(Beginning of DATA FOR PROCESSING)
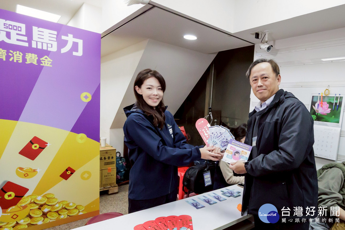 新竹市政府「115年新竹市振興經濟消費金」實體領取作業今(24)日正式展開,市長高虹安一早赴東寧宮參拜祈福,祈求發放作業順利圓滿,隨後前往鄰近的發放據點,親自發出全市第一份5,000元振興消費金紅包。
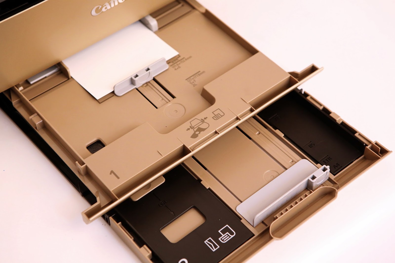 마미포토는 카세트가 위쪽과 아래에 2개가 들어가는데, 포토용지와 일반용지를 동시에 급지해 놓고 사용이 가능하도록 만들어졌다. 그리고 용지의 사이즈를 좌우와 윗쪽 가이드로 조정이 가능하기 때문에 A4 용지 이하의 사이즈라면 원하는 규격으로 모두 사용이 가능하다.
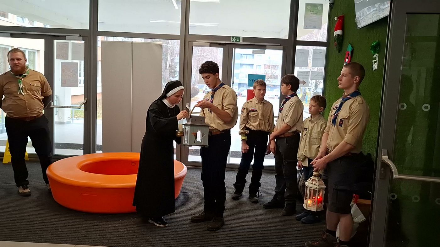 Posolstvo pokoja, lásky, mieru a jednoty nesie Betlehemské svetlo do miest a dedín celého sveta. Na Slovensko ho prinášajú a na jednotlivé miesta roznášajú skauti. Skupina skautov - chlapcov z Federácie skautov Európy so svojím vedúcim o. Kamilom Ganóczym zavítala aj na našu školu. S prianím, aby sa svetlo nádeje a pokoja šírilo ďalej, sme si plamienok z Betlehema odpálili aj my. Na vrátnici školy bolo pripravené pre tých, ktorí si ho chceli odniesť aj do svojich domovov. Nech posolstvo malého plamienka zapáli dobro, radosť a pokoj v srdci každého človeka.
(End of DATA FOR PROCESSING)
(Beginning of DATA FOR PROCESSING)
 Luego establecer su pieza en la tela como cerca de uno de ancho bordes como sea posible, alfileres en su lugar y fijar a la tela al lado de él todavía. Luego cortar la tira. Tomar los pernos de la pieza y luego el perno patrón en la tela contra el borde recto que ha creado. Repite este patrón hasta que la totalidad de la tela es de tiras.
(End of DATA FOR PROCESSING)
(Beginning of DATA FOR PROCESSING)
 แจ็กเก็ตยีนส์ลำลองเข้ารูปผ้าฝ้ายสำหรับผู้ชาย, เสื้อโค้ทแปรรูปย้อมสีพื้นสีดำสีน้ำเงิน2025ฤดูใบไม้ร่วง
(End of DATA FOR PROCESSING)
▶ [WHAT THE EXERCISE ASKS]
Beginning with the line that contains "마미포토는 카세트가 위쪽과" and ending with the line that contains "Posolstvo pokoja, lásky, mieru", reproduce the listing exactly, pictures excluded.

▶ [ANSWER BELOW]
 마미포토는 카세트가 위쪽과 아래에 2개가 들어가는데, 포토용지와 일반용지를 동시에 급지해 놓고 사용이 가능하도록 만들어졌다. 그리고 용지의 사이즈를 좌우와 윗쪽 가이드로 조정이 가능하기 때문에 A4 용지 이하의 사이즈라면 원하는 규격으로 모두 사용이 가능하다.
 Posolstvo pokoja, lásky, mieru a jednoty nesie Betlehemské svetlo do miest a dedín celého sveta. Na Slovensko ho prinášajú a na jednotlivé miesta roznášajú skauti. Skupina skautov - chlapcov z Federácie skautov Európy so svojím vedúcim o. Kamilom Ganóczym zavítala aj na našu školu. S prianím, aby sa svetlo nádeje a pokoja šírilo ďalej, sme si plamienok z Betlehema odpálili aj my. Na vrátnici školy bolo pripravené pre tých, ktorí si ho chceli odniesť aj do svojich domovov. Nech posolstvo malého plamienka zapáli dobro, radosť a pokoj v srdci každého človeka.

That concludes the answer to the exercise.